■ **Exercise objective**: Below are records; the lines starting at the one with "Axor Exafill Badewannensiphon chrom 58307000" and ending at the one with "费耶诺德在主场也展现出了一定" must be reproduced exactly, both included. Pictures must not appear.

■ **Input for this task**:

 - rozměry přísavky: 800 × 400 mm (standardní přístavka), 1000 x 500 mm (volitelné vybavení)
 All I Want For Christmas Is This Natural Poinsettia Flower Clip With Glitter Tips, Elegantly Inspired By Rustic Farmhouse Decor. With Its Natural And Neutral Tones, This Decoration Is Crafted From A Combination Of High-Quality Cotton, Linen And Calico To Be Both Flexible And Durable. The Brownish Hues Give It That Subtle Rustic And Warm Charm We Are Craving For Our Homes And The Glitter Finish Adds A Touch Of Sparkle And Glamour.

==

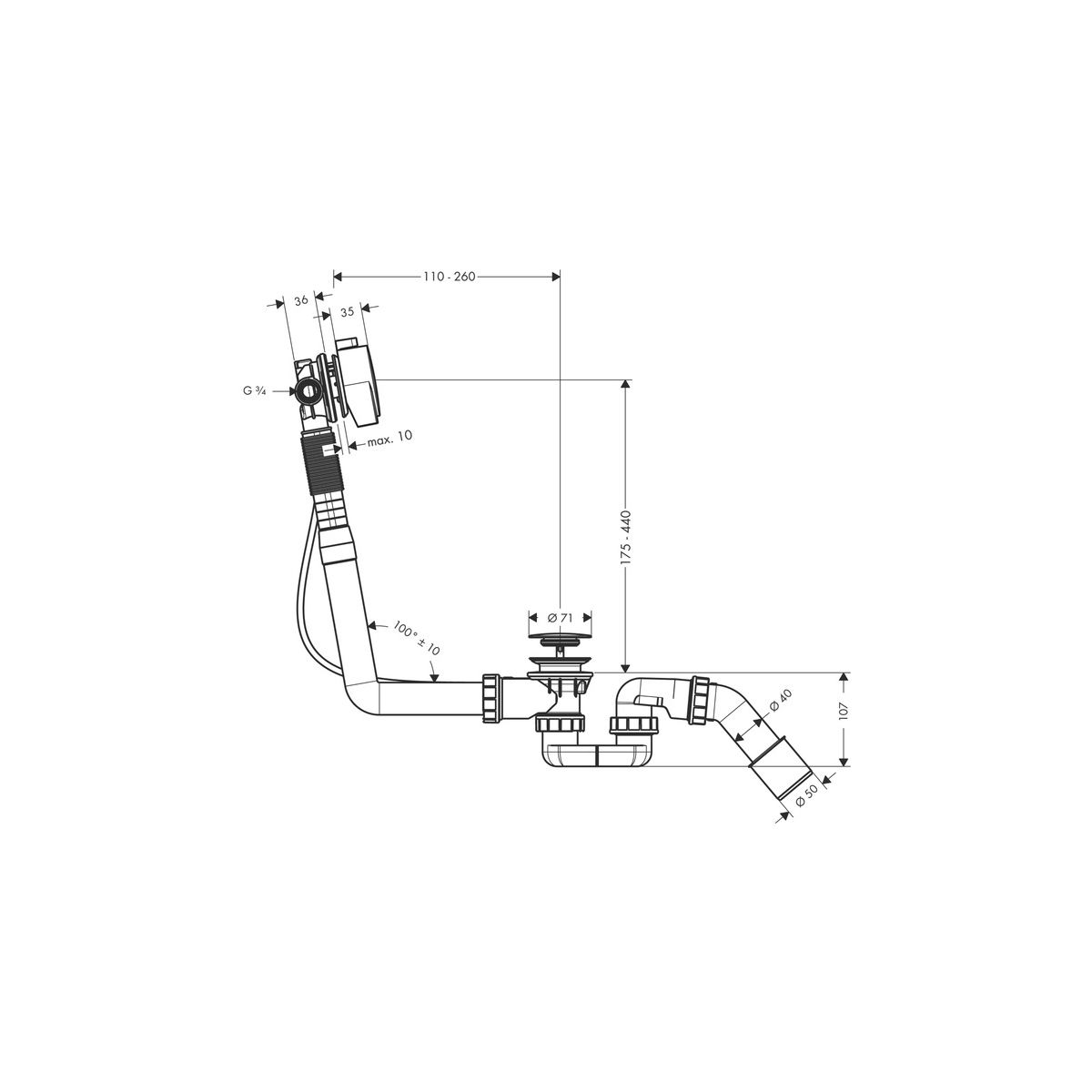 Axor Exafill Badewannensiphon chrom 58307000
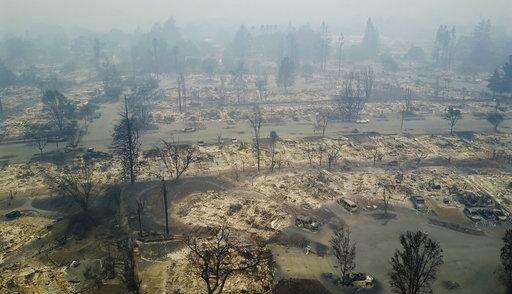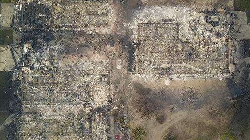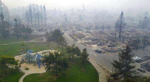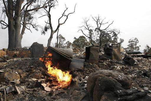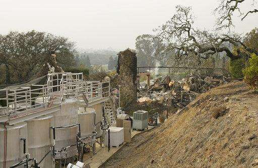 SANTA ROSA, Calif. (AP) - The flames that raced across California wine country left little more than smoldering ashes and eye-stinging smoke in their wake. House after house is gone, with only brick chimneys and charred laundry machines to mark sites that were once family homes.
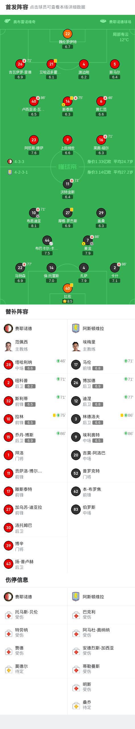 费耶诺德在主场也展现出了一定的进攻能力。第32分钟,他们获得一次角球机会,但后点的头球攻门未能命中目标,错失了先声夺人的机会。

* * *

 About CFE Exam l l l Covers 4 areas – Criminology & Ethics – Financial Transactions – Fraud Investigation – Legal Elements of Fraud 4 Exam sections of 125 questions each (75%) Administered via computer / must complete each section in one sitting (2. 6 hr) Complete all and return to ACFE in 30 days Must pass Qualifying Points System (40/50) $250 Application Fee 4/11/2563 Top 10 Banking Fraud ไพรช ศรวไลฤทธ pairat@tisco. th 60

■ **Task result**:
 Axor Exafill Badewannensiphon chrom 58307000
 SANTA ROSA, Calif. (AP) - The flames that raced across California wine country left little more than smoldering ashes and eye-stinging smoke in their wake. House after house is gone, with only brick chimneys and charred laundry machines to mark sites that were once family homes.
 费耶诺德在主场也展现出了一定的进攻能力。第32分钟,他们获得一次角球机会,但后点的头球攻门未能命中目标,错失了先声夺人的机会。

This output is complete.